:: The task ::
Stop after the line with "儀式上,誠商會(huì)創(chuàng". Up to that point, output every line of the listing below exactly from the first one onward, skipping pictures.

:: Data to use ::
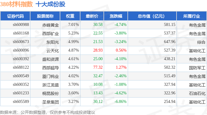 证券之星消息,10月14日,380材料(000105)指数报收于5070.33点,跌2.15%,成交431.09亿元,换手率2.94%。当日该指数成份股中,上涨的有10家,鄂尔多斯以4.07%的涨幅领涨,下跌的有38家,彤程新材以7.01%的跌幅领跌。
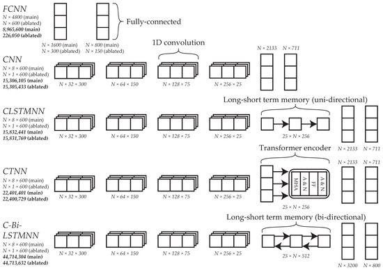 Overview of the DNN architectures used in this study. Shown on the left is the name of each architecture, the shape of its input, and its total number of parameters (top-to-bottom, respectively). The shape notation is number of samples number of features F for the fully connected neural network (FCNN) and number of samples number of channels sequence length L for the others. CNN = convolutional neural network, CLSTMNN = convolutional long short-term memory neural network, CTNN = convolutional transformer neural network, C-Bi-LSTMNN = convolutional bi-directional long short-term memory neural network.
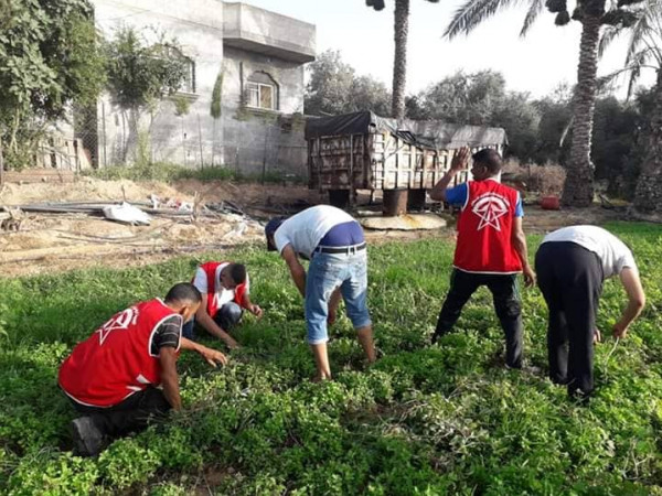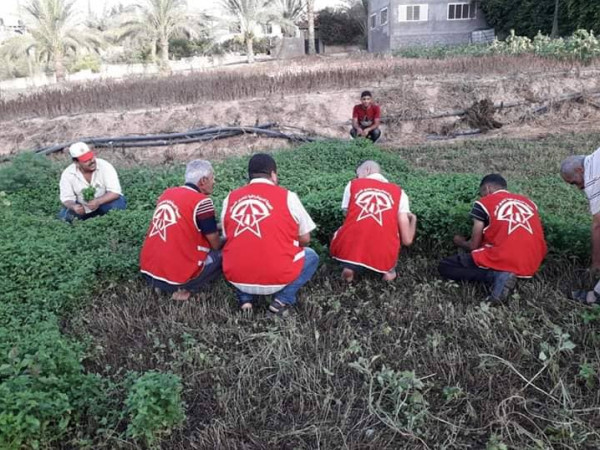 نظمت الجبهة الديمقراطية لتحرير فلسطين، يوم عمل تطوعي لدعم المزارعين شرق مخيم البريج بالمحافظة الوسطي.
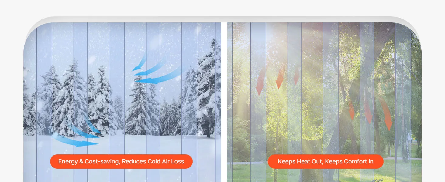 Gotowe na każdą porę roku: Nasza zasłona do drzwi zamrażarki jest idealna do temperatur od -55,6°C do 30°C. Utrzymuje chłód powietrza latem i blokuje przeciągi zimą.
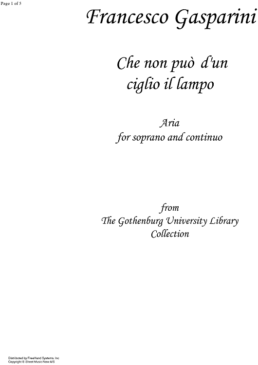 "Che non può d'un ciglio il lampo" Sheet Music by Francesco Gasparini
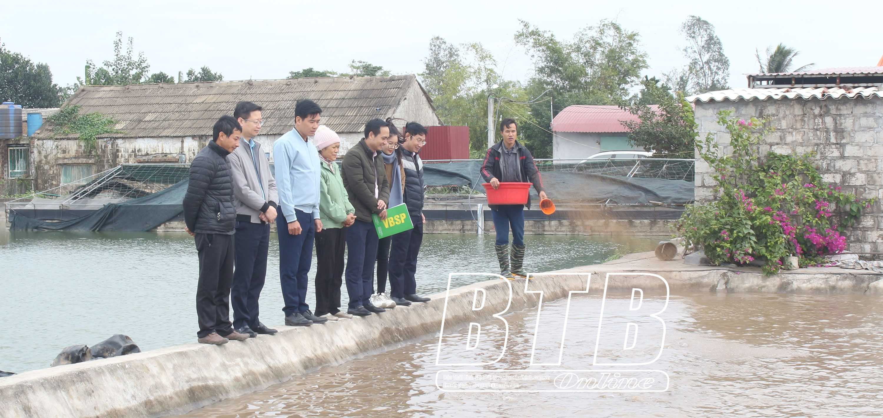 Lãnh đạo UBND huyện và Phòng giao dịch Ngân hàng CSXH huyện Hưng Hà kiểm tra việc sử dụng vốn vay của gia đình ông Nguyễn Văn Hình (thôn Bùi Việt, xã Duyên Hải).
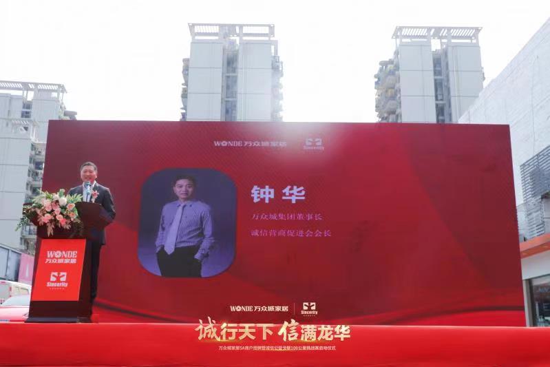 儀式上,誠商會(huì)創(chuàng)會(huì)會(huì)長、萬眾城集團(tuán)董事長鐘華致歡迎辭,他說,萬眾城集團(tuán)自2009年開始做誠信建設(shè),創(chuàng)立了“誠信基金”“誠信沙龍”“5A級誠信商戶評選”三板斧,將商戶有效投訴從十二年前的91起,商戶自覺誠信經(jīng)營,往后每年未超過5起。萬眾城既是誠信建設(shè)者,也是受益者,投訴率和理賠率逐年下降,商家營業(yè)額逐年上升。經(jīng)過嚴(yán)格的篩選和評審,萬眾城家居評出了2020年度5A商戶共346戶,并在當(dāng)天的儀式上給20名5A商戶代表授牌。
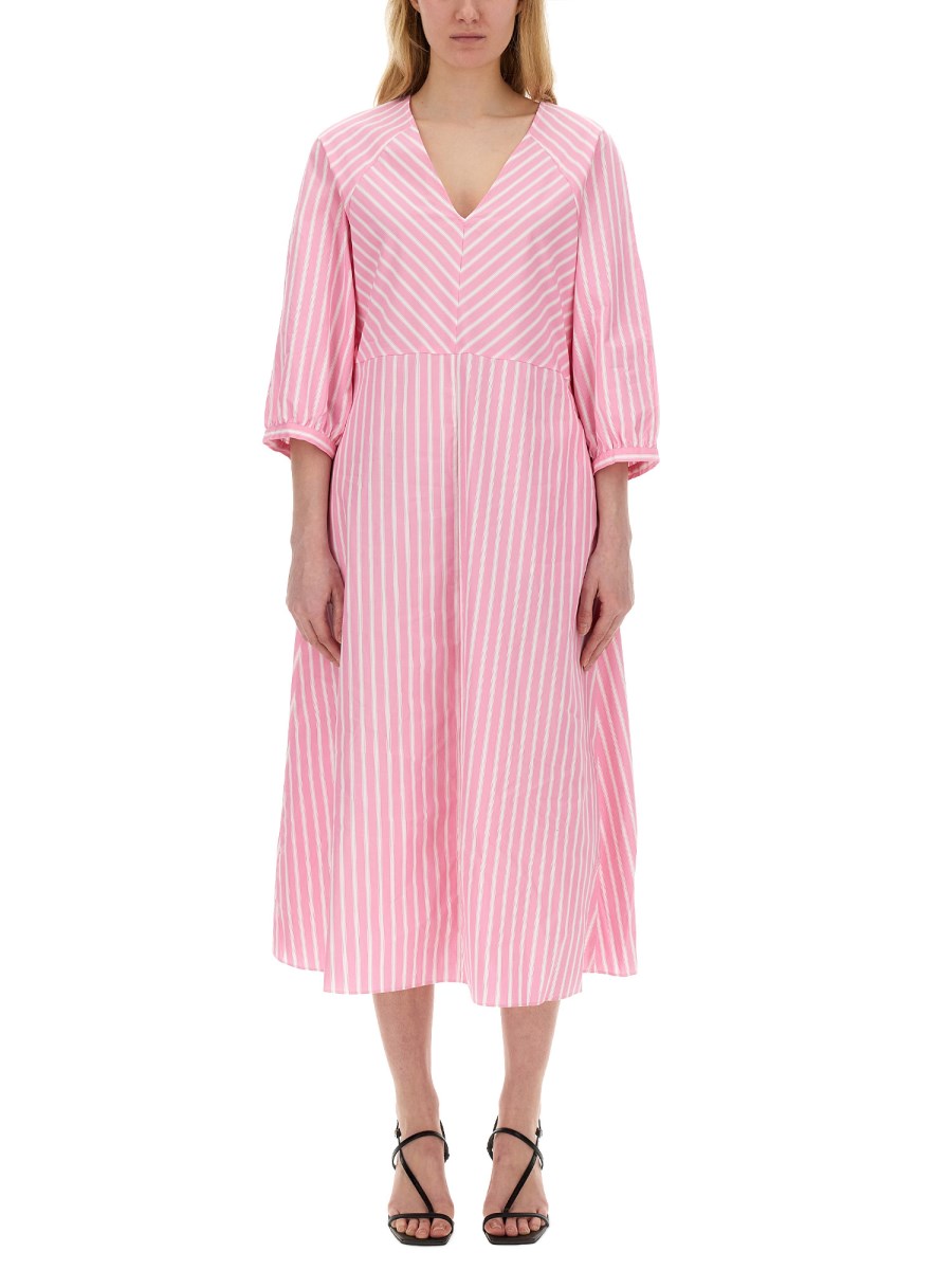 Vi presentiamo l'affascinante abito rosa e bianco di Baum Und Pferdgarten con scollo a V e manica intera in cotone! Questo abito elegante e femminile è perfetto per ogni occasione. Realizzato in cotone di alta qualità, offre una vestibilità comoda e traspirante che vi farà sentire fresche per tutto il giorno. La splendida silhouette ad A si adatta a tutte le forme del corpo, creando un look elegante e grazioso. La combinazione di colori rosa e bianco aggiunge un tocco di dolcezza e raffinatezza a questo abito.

:: Exercise response ::
 证券之星消息,10月14日,380材料(000105)指数报收于5070.33点,跌2.15%,成交431.09亿元,换手率2.94%。当日该指数成份股中,上涨的有10家,鄂尔多斯以4.07%的涨幅领涨,下跌的有38家,彤程新材以7.01%的跌幅领跌。
 Overview of the DNN architectures used in this study. Shown on the left is the name of each architecture, the shape of its input, and its total number of parameters (top-to-bottom, respectively). The shape notation is number of samples number of features F for the fully connected neural network (FCNN) and number of samples number of channels sequence length L for the others. CNN = convolutional neural network, CLSTMNN = convolutional long short-term memory neural network, CTNN = convolutional transformer neural network, C-Bi-LSTMNN = convolutional bi-directional long short-term memory neural network.
 نظمت الجبهة الديمقراطية لتحرير فلسطين، يوم عمل تطوعي لدعم المزارعين شرق مخيم البريج بالمحافظة الوسطي.
 Gotowe na każdą porę roku: Nasza zasłona do drzwi zamrażarki jest idealna do temperatur od -55,6°C do 30°C. Utrzymuje chłód powietrza latem i blokuje przeciągi zimą.
 "Che non può d'un ciglio il lampo" Sheet Music by Francesco Gasparini
 Lãnh đạo UBND huyện và Phòng giao dịch Ngân hàng CSXH huyện Hưng Hà kiểm tra việc sử dụng vốn vay của gia đình ông Nguyễn Văn Hình (thôn Bùi Việt, xã Duyên Hải).
 儀式上,誠商會(huì)創(chuàng)會(huì)會(huì)長、萬眾城集團(tuán)董事長鐘華致歡迎辭,他說,萬眾城集團(tuán)自2009年開始做誠信建設(shè),創(chuàng)立了“誠信基金”“誠信沙龍”“5A級誠信商戶評選”三板斧,將商戶有效投訴從十二年前的91起,商戶自覺誠信經(jīng)營,往后每年未超過5起。萬眾城既是誠信建設(shè)者,也是受益者,投訴率和理賠率逐年下降,商家營業(yè)額逐年上升。經(jīng)過嚴(yán)格的篩選和評審,萬眾城家居評出了2020年度5A商戶共346戶,并在當(dāng)天的儀式上給20名5A商戶代表授牌。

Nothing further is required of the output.